138. La Commissione ritiene che il secondo motivo d’impugnazione sia irricevibile in quanto motivo nuovo proposto solo in sede d’impugnazione. Essa rileva che per determinare l’ammenda nel quadro dell’esercizio della sua competenza estesa al merito il Tribunale ha utilizzato la stessa metodologia di calcolo utilizzata dalla Commissione. La determinazione dell’ammenda da parte del Tribunale non potrebbe quindi costituire in sé l’origine della pretesa discriminazione, la quale, eventualmente, sarebbe derivata direttamente dalla decisione controversa. La pretesa discriminazione non sarebbe però stata sollevata dalla Reyrolle in primo grado e costituirebbe pertanto un motivo nuovo.

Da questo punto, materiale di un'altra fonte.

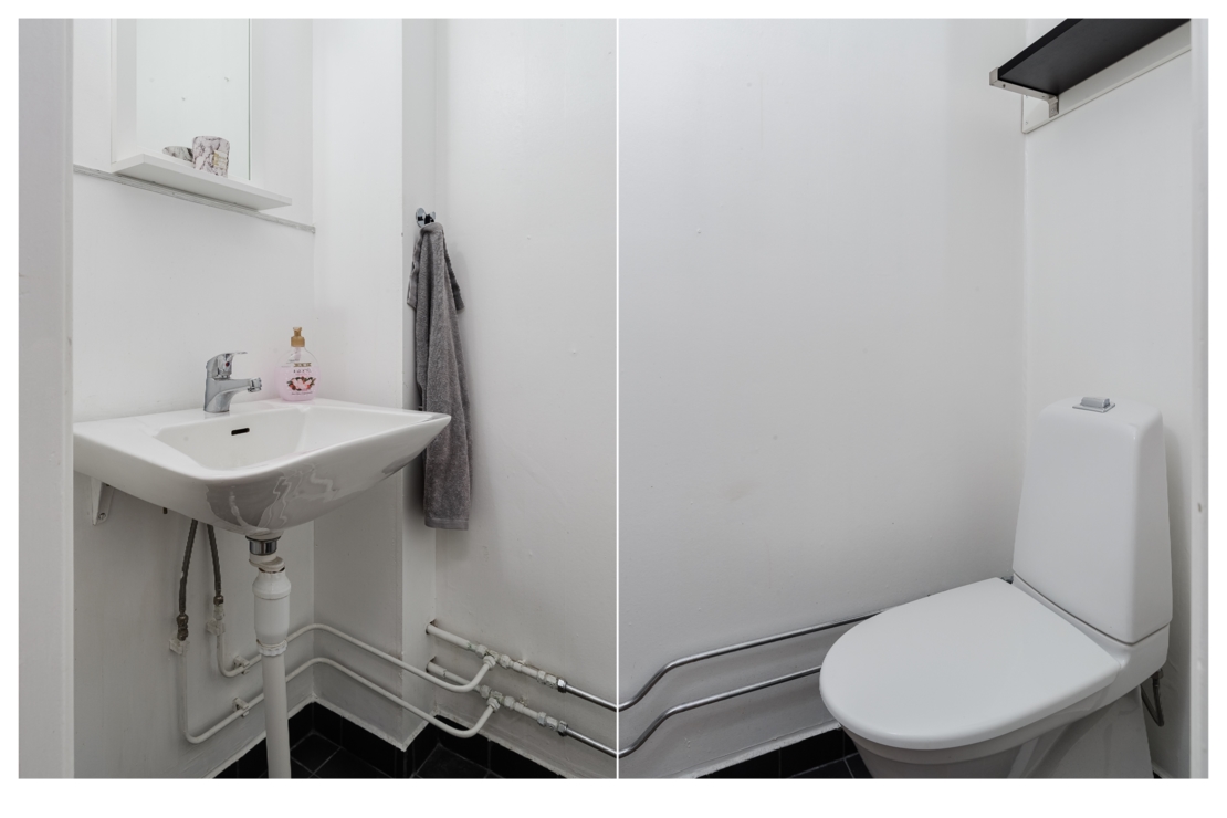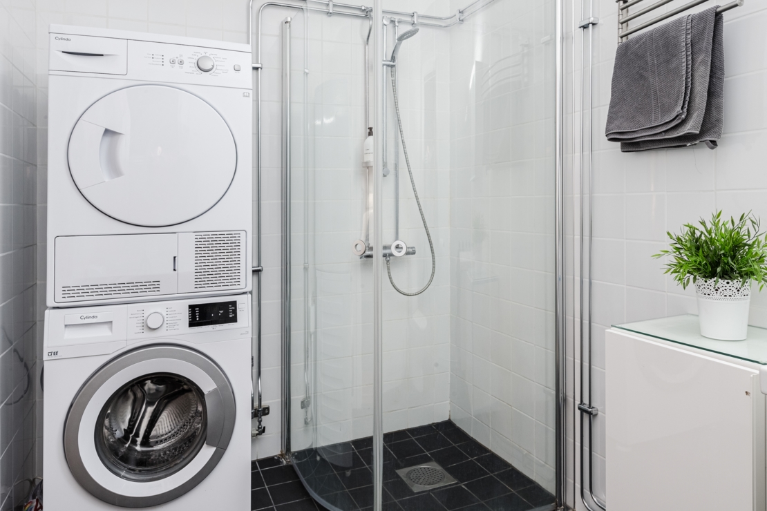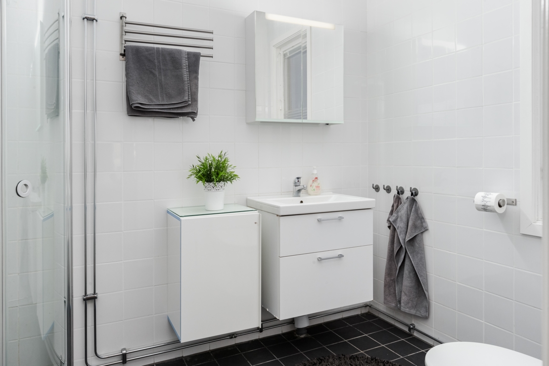 Helkaklat badrum som är rymligt och bra planerat. Inredningen består av dusch med vikbara dörrar, kommod med spegelskåp ovanför samt wc. Svart klinkergolv med golvvärme och väggar i vitt kakel. Tvättmaskin och torktumlare.

139. A tale riguardo, è vero che risulta da giurisprudenza costante che, la competenza della Corte nell’ambito dell’impugnazione è limitata, in linea di principio, all’esame della valutazione da parte del Tribunale dei motivi dinanzi ad esso discussi (129). È altresì vero che la Reyrolle non ha fatto valere in primo grado le pretese discriminazioni cui si riferisce nel presente motivo di ricorso. Tuttavia, risulta anche dalla giurisprudenza che un ricorrente è legittimato a introdurre un’impugnazione in cui fa valere, dinanzi alla Corte, motivi derivanti dalla sentenza impugnata e che siano diretti a contestarne, in diritto, la fondatezza (130).

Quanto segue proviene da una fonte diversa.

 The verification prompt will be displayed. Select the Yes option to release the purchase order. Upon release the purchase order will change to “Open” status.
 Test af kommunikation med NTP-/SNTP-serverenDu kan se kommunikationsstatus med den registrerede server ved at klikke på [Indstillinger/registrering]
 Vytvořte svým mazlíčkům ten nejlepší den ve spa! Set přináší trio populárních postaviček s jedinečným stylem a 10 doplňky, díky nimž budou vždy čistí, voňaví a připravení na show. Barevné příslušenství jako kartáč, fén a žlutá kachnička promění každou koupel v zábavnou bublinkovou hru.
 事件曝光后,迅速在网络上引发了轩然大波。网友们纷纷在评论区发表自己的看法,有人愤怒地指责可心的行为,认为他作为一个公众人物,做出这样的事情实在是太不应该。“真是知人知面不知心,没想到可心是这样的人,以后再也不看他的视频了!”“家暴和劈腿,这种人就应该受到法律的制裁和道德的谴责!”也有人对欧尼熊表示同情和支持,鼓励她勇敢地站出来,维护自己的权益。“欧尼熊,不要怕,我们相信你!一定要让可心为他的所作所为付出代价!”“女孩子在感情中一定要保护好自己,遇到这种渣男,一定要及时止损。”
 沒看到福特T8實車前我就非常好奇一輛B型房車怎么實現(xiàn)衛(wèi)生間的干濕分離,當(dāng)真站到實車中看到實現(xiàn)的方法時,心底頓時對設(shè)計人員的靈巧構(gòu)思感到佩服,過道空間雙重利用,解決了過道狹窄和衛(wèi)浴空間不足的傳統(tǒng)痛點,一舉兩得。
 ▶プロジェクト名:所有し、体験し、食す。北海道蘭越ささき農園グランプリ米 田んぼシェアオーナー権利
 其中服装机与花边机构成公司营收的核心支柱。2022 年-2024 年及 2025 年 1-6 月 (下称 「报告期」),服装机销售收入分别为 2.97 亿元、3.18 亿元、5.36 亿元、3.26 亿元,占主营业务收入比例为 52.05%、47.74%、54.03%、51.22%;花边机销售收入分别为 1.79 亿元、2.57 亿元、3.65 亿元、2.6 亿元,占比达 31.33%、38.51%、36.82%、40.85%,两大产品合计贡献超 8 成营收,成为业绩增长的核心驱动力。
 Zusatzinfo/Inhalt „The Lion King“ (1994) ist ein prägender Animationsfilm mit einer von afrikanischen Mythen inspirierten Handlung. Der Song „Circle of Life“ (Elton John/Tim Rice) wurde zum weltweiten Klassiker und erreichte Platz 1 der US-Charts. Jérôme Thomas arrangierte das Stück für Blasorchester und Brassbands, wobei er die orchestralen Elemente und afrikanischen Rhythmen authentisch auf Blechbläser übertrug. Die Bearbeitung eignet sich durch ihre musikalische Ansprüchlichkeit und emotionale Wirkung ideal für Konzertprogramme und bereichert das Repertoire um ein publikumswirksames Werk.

140. Orbene, è gioco forza constatare che nel presente motivo la Reyrolle fa valere di essere stata discriminata nella sentenza impugnata dal Tribunale quando questo ha determinato l’ammenda nell’esercizio della sua competenza estesa al merito. Pertanto, sebbene il Tribunale per riformare le ammende abbia utilizzato il metodo di calcolo seguito dalla Commissione che non aveva rimesso in discussione, la pretesa discriminazione lamentata dalla Reyrolle deriva direttamente da tale riforma dell’ammenda effettuata dal Tribunale e pertanto dalla sentenza impugnata. In tale contesto, ritengo che il presente motivo possa essere considerato ricevibile.

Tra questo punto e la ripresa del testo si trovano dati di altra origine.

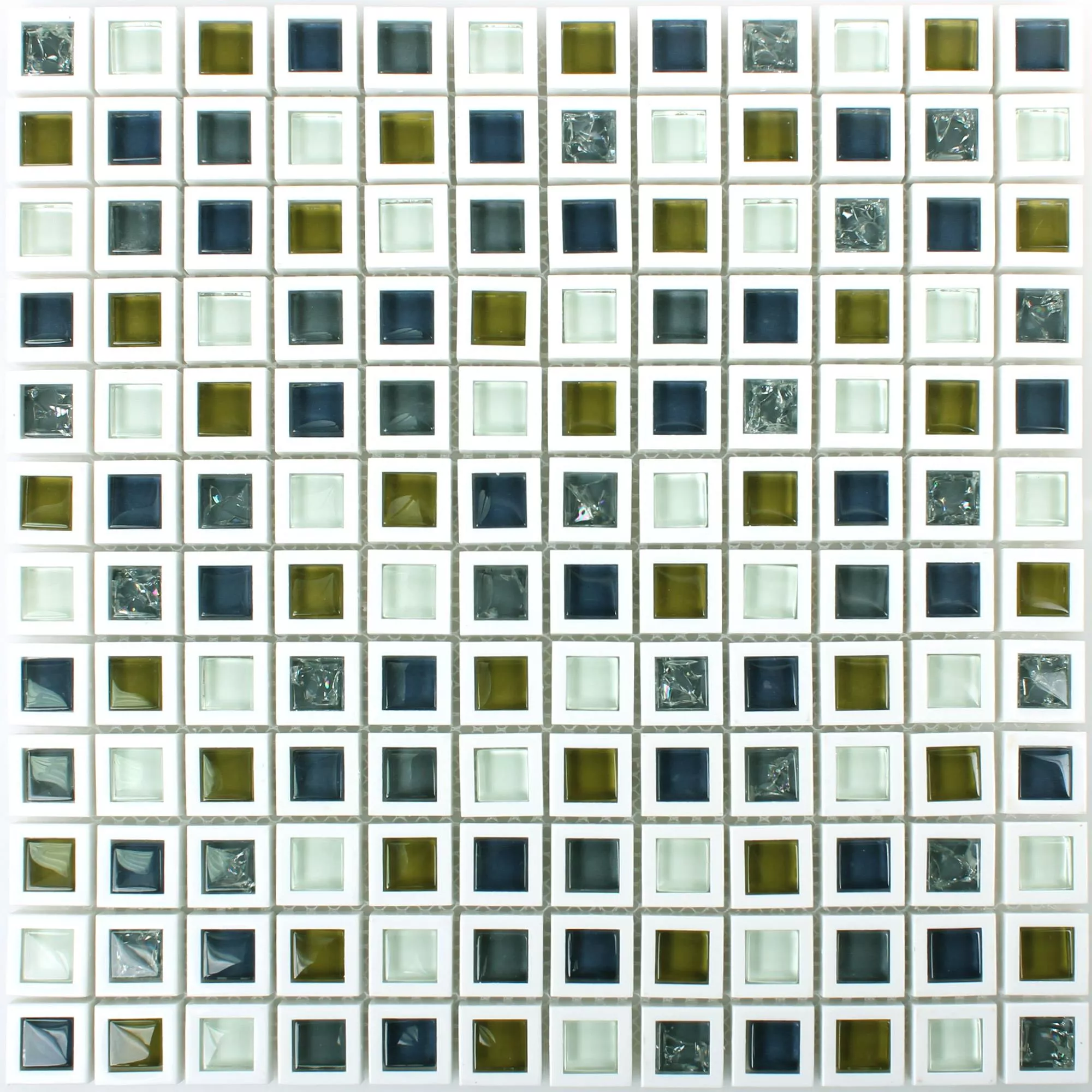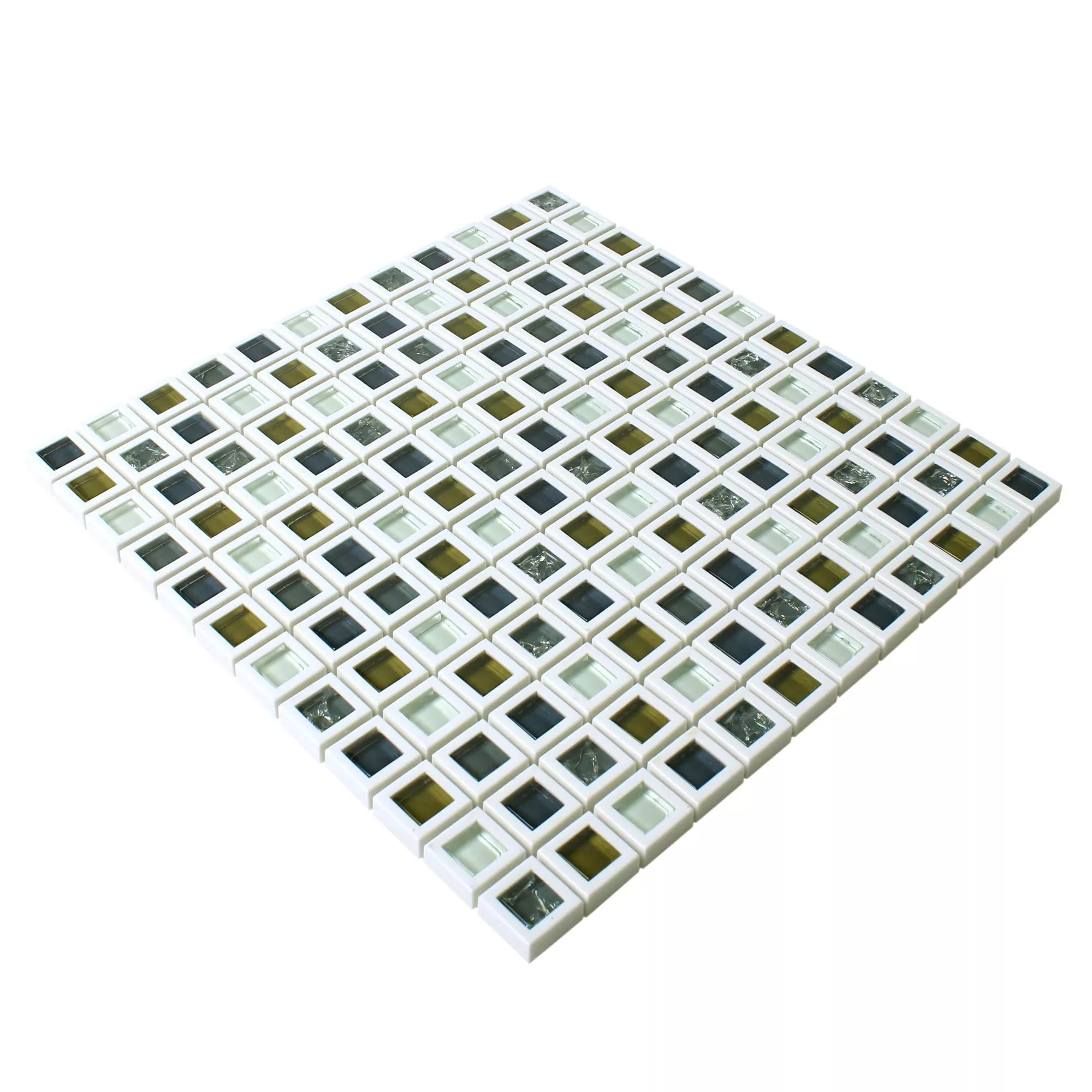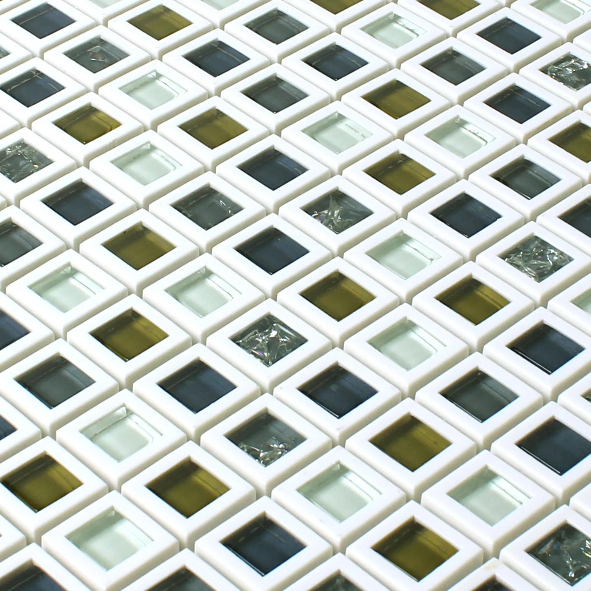 Mosaikplattorna i det grön-vita paketet kombinerar ljust vitt med accenter i olika gröna nyanser, varav en del tenderar mot blåaktigt. I den andra ljusa varianten ställer vitt, mörkt och gulbrunt glas in färghöjdpunkter. De enskilda väggplattorna kantas av var och en av en vit ram.

141. Quanto al merito del presente motivo, risulta dalla giurisprudenza che l’esercizio di una competenza estesa al merito non può comportare, in sede di determinazione dell’importo delle ammende, una discriminazione tra le imprese che hanno preso parte ad un accordo contrario all’articolo 101, paragrafo 1, TFUE (131). Inoltre, il principio della parità di trattamento risulta violato qualora situazioni analoghe vengono trattate in maniera differente o quando situazioni differenti vengono trattate in maniera identica, a meno che un tale trattamento non sia obiettivamente giustificato (132).
142. Orbene, quanto alla situazione della Reyrolle e a quella delle società appartenenti al gruppo Schneider, è giocoforza constatare che esse non sono analoghe. Infatti, diversamente dalla Reyrolle, la quale come osservato ai paragrafi da 134 a 136 ha partecipato all’infrazione facendo parte di un’unica impresa − ciò che ha giustificato che il Tribunale abbia determinato l’ammenda partendo da un unico importo di partenza per l’impresa VA Technologie sulla base del fatturato di questa − la SEHV e la Magrini hanno partecipato all’intesa facendo parte di due imprese diverse. In una prima fase, esse vi hanno partecipato come parti dell’impresa facente capo alla Schneider e, successivamente, dopo l’acquisizione del loro controllo da parte della VA Technologie, esse vi hanno partecipato come società facenti parte dell’impresa capeggiata da quest’ultima. Ritengo che, essendo le situazioni in questione differenti, la Reyrolle non può far valere una violazione del principio della parità di trattamento.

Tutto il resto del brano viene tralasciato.